What is required: The material below has pictures in it. Set down only the lines from the line containing "Entwicklung zweier benutzerfreundlicher, SEO-optimierter" through the line containing "LINEでできる式場探しサー", word for word, and leave the pictures behind.

Data under study:
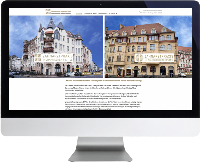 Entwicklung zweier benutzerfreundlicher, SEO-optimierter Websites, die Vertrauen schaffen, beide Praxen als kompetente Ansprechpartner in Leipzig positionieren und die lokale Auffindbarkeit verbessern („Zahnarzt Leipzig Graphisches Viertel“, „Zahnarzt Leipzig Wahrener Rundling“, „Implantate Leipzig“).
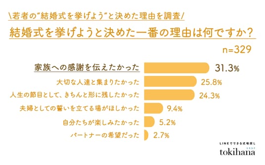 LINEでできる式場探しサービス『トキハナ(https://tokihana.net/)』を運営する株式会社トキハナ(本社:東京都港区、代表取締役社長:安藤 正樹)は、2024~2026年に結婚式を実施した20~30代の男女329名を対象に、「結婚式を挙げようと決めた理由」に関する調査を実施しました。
==
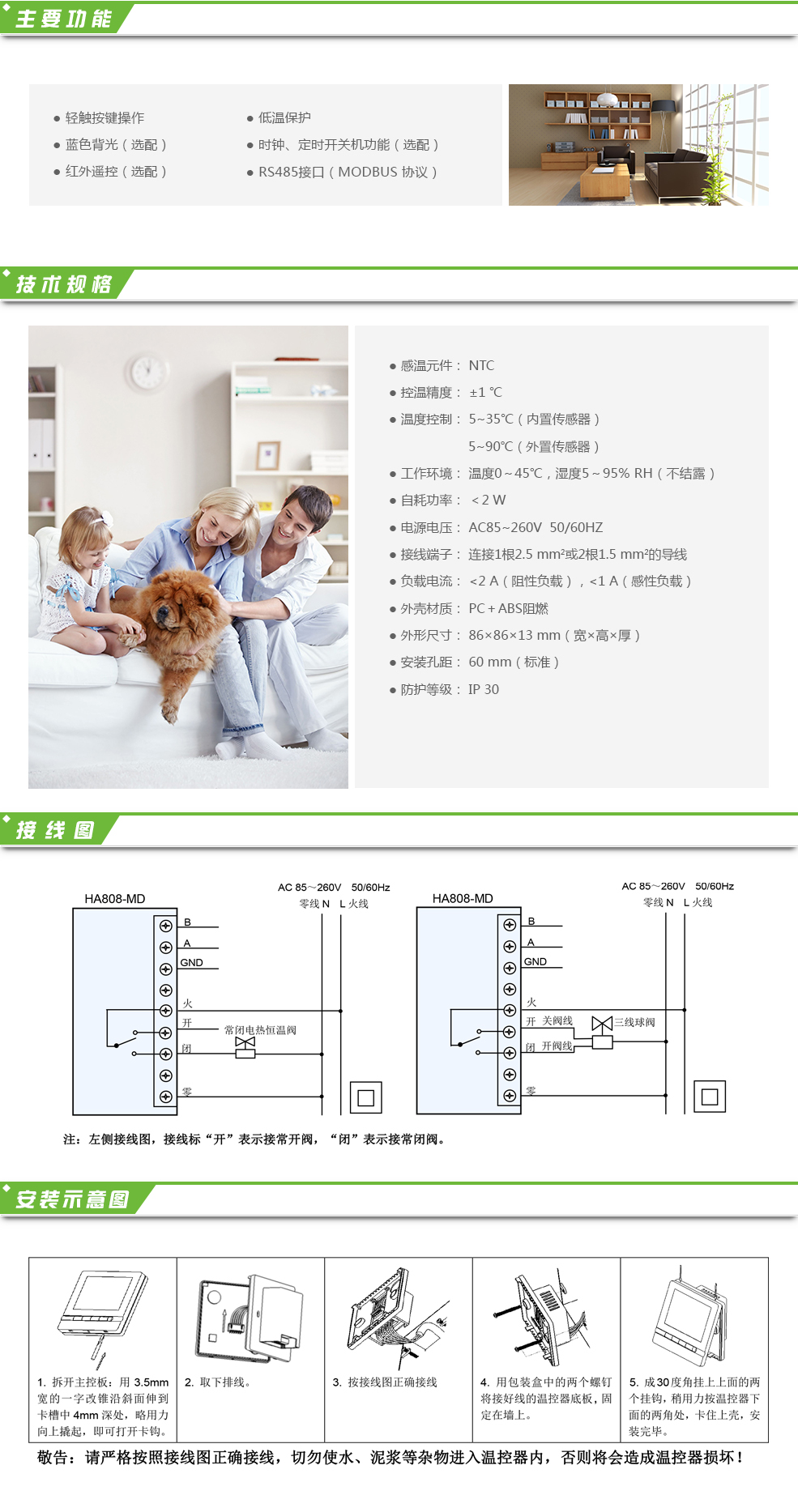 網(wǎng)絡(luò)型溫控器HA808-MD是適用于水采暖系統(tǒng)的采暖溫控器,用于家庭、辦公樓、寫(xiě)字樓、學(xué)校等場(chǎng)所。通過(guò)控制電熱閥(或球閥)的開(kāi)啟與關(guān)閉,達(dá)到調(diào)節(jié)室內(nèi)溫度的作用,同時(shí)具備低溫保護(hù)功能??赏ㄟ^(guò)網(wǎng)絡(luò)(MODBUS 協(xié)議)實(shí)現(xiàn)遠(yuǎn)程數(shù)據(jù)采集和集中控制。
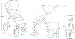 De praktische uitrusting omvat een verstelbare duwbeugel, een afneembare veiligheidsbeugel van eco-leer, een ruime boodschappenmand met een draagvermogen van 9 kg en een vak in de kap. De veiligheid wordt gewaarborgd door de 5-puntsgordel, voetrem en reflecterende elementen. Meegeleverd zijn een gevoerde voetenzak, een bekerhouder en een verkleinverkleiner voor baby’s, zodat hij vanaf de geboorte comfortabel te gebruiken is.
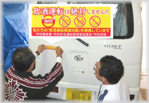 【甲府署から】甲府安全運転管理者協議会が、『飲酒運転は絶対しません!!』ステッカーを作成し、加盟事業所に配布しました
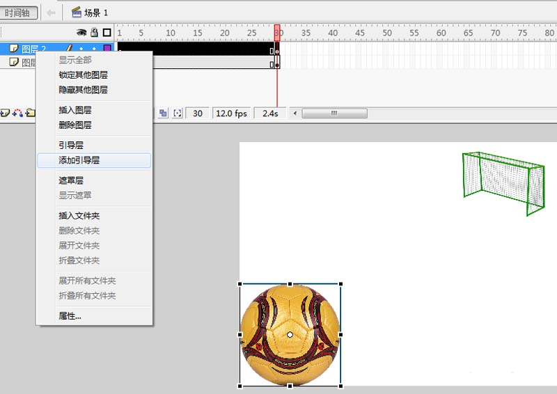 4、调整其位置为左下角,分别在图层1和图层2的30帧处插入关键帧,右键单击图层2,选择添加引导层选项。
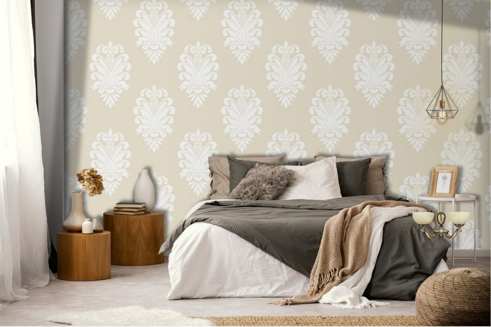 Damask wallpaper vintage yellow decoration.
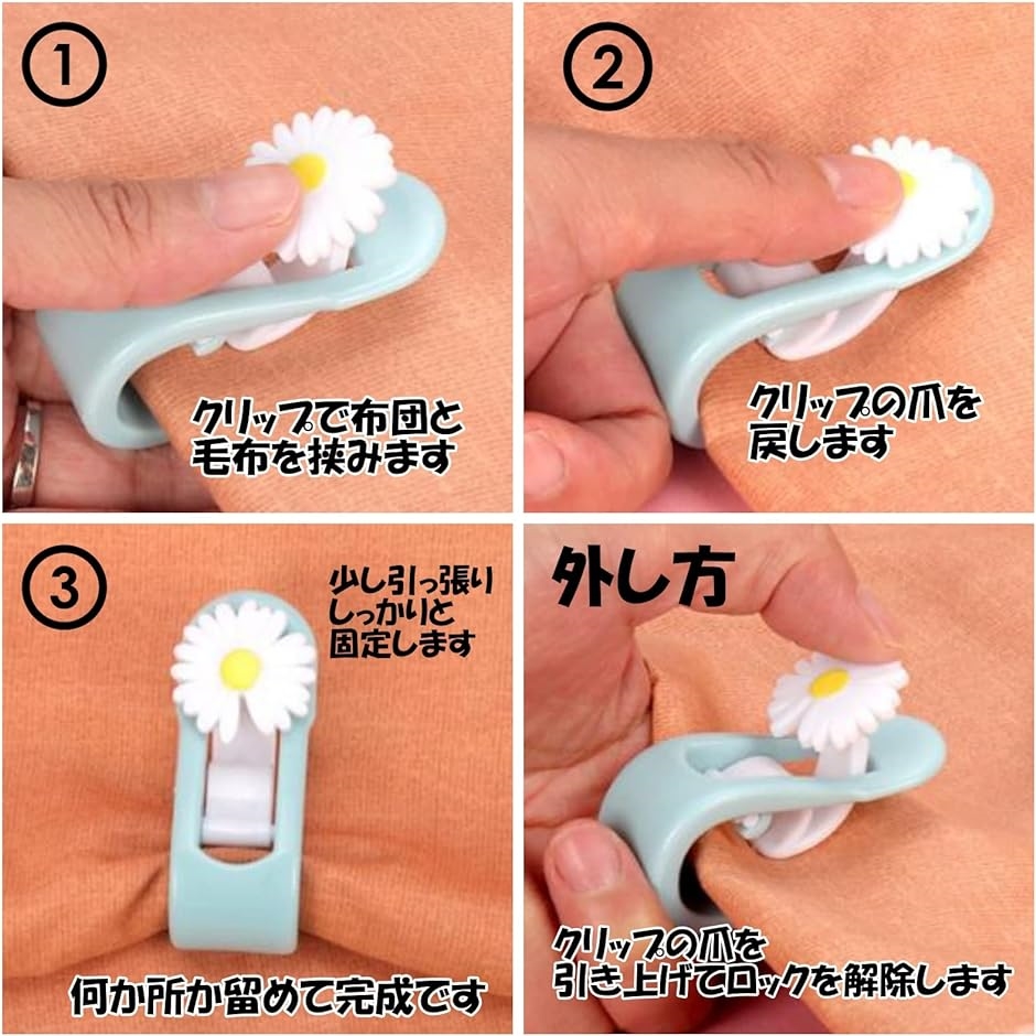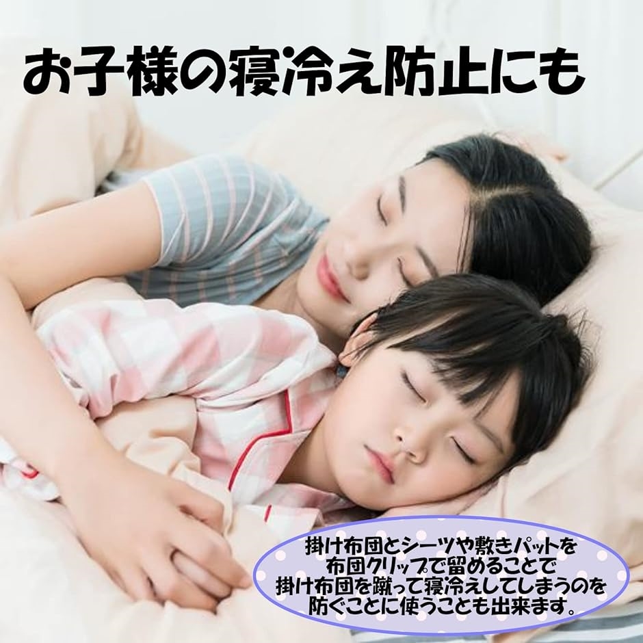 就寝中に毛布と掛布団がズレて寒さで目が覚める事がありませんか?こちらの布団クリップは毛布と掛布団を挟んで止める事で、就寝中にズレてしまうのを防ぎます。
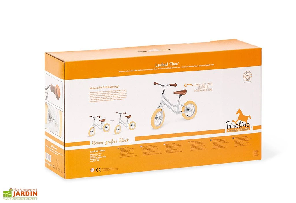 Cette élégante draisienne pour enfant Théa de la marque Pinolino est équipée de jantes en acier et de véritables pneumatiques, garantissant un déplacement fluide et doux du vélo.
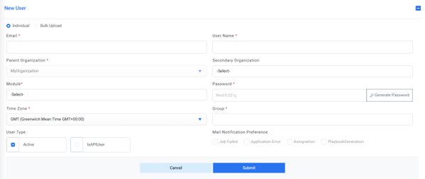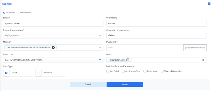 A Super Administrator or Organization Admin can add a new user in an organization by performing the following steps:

Response box:
 Entwicklung zweier benutzerfreundlicher, SEO-optimierter Websites, die Vertrauen schaffen, beide Praxen als kompetente Ansprechpartner in Leipzig positionieren und die lokale Auffindbarkeit verbessern („Zahnarzt Leipzig Graphisches Viertel“, „Zahnarzt Leipzig Wahrener Rundling“, „Implantate Leipzig“).
 LINEでできる式場探しサービス『トキハナ(https://tokihana.net/)』を運営する株式会社トキハナ(本社:東京都港区、代表取締役社長:安藤 正樹)は、2024~2026年に結婚式を実施した20~30代の男女329名を対象に、「結婚式を挙げようと決めた理由」に関する調査を実施しました。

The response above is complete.